Improvements won’t be evenly distributed—remember Ethan Mollick’s jagged frontier argument—but you should expect that in the next few years, it will be possible to transcribe documents in whatever language you work in with similar levels of accuracy. In software, developers are getting used to the idea that you don’t build for the models we have today, but the models you can predict we’ll have in 6-12 months. Historians should plan the same way.
So nearly sixty years after R.S. Morgan began to contemplate a world in which it would be cheap and easy for computers to read human text, it is indeed possible to just shove it into the “maw of the machine” and let the computer sort it out. That we got here not by symbolic logic and rules based systems, but general neural networks will indeed be a bitter lesson for the HTR community to swollow.
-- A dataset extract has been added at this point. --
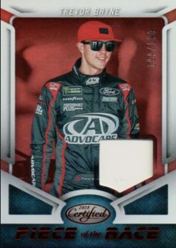 The Trevor Bayne 2018 Certified NASCAR #POTR-TB Piece of the Race Relics - Red /199 card is 1 of 73 Trevor Bayne's card variations in the 2018 Certified NASCAR set being tracked by Sports Card Investor, including Base /149, Orange /249, Mirror Gold /25, Red /25, and Blue /20.
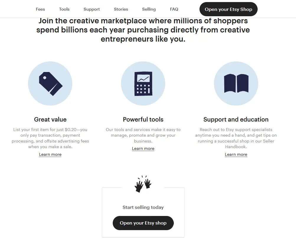 Etsy began as an online marketplace for creators. Through the years, it grew to become a global eCommerce platform that still retains its original ethos, which focuses on selling handmade and original, vintage, or craft supply products. Sellers are prohibited from marketing services, rentals, and metaphysical services or items.

And I get that.
For the historical community, as we gradually become accustomed to this new reality, it will radically alter how historians, genealogists, archivists, governments, and researchers relate to our documentary past. It’s also a harbinger of the larger changes in our relationship with information that are now certain to come from scaling.
[1] “Notes”, Newsletter of Computer Archaeology, 2 (1966): 11







Gemini is my go-to for handwritten documents. I find it the best of the options. However, I have identified two issues not on your errors list. First, it can totally skip lines in a document, and second it can substitute words. I do not see those in your chart. It also does a marginal job on things written in the margins or inserted between lines. It is still way better than doing it yourself!
Hi Mark, great post as always! I've been experimenting with AI Studio and I think in the end the performance has nothing to do with language, solely with how hard the hands are. It does extraordinarily well with clear French, Spanish, Italian, and Portuguese handwriting, for instance. I therefore assume the main problem is computer vision, not the underlying language. So I'm not so sure LLMs will surpass Transkribus anytime soon for harder hands, but I might be wrong, as I've underestimated LLMs' transcription capabitilies before!